What you give back must match the data exactly, minus the pictures.

◆ Source data:
--- START ---

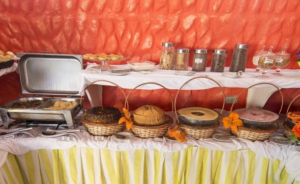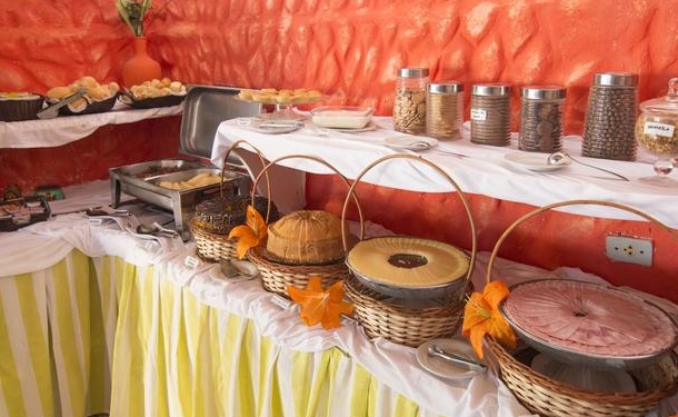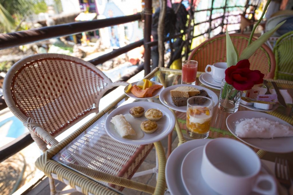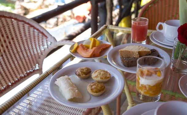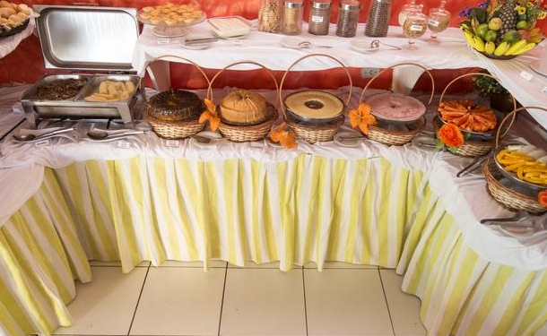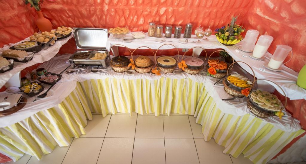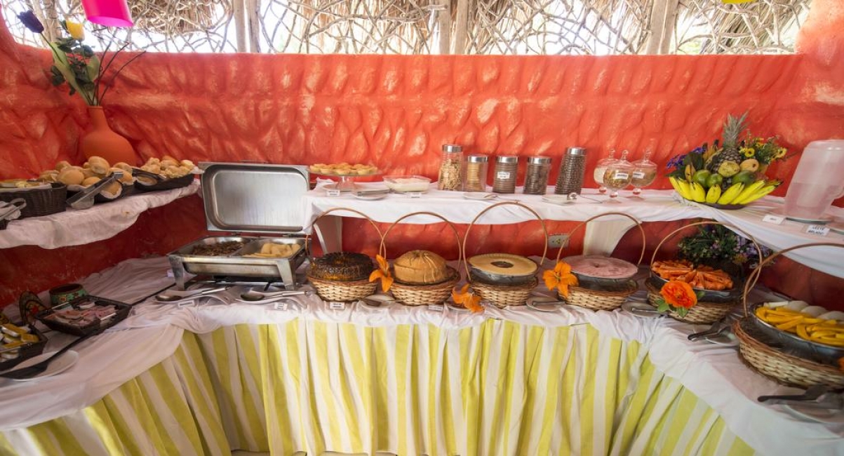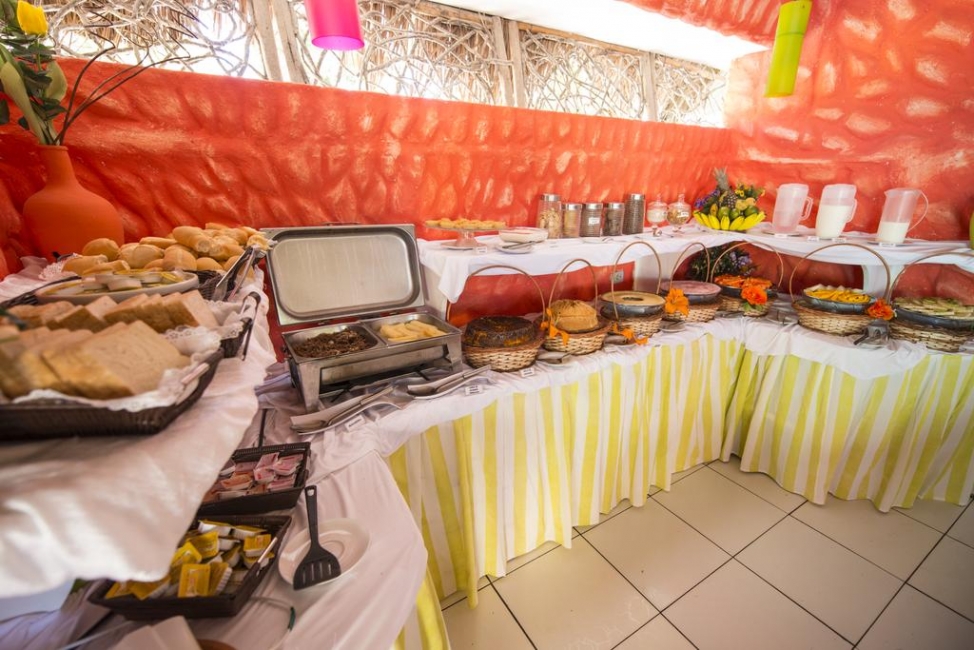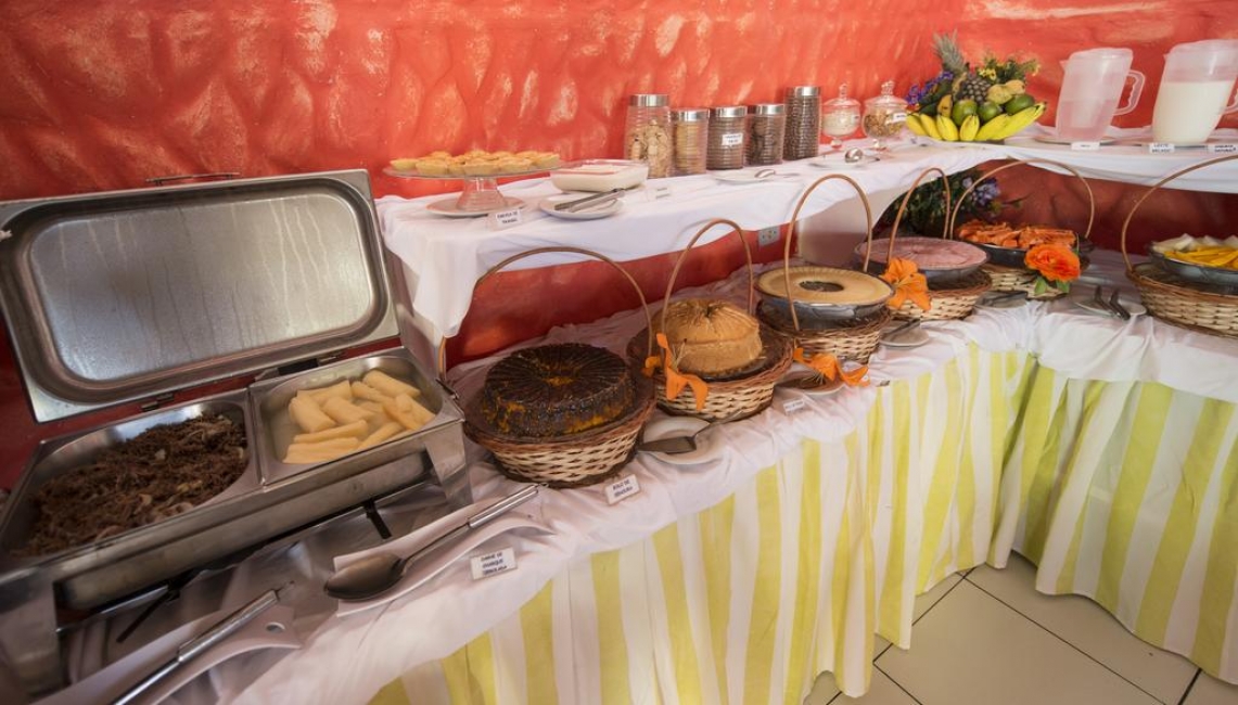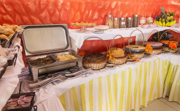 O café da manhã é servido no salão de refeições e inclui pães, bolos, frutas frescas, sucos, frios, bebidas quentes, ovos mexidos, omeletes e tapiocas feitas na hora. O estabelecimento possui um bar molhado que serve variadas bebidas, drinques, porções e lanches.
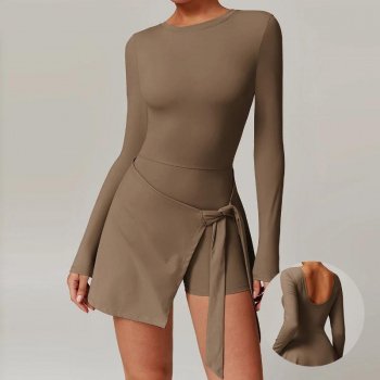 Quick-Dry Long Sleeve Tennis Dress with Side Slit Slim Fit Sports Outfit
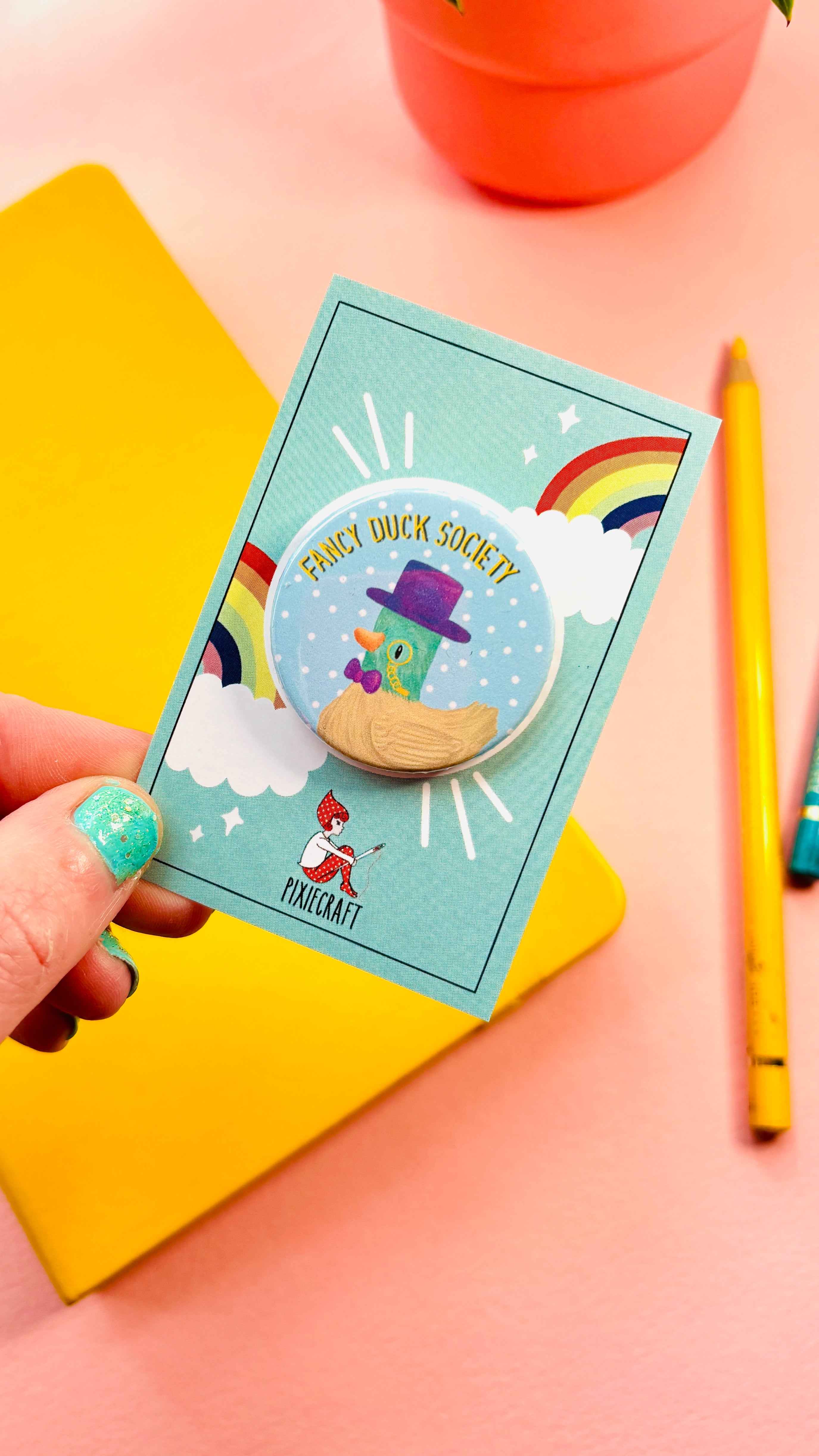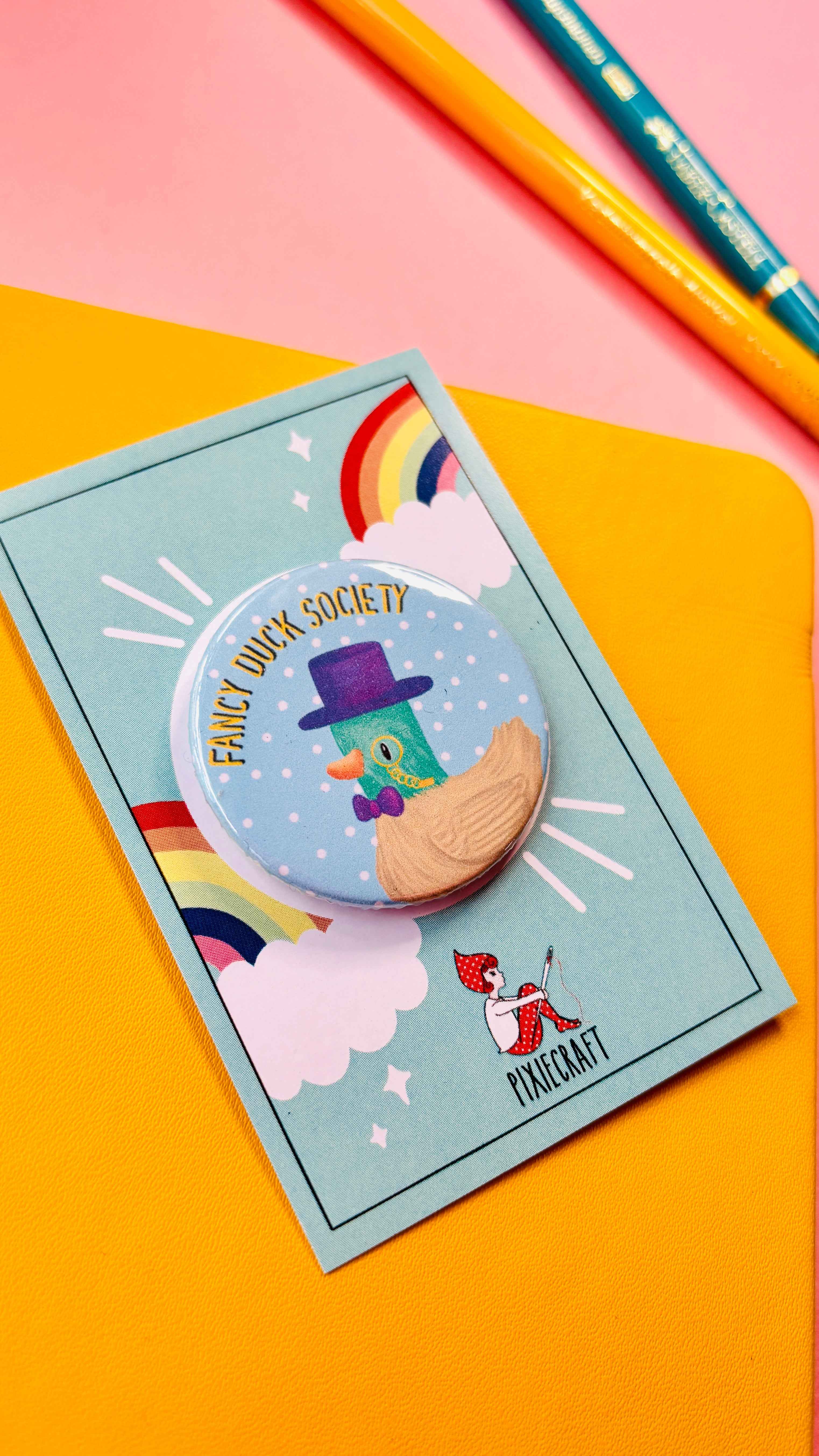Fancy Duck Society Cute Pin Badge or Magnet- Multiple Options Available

--- END ---

◆ Result below:
 O café da manhã é servido no salão de refeições e inclui pães, bolos, frutas frescas, sucos, frios, bebidas quentes, ovos mexidos, omeletes e tapiocas feitas na hora. O estabelecimento possui um bar molhado que serve variadas bebidas, drinques, porções e lanches.
 Quick-Dry Long Sleeve Tennis Dress with Side Slit Slim Fit Sports Outfit
Fancy Duck Society Cute Pin Badge or Magnet- Multiple Options Available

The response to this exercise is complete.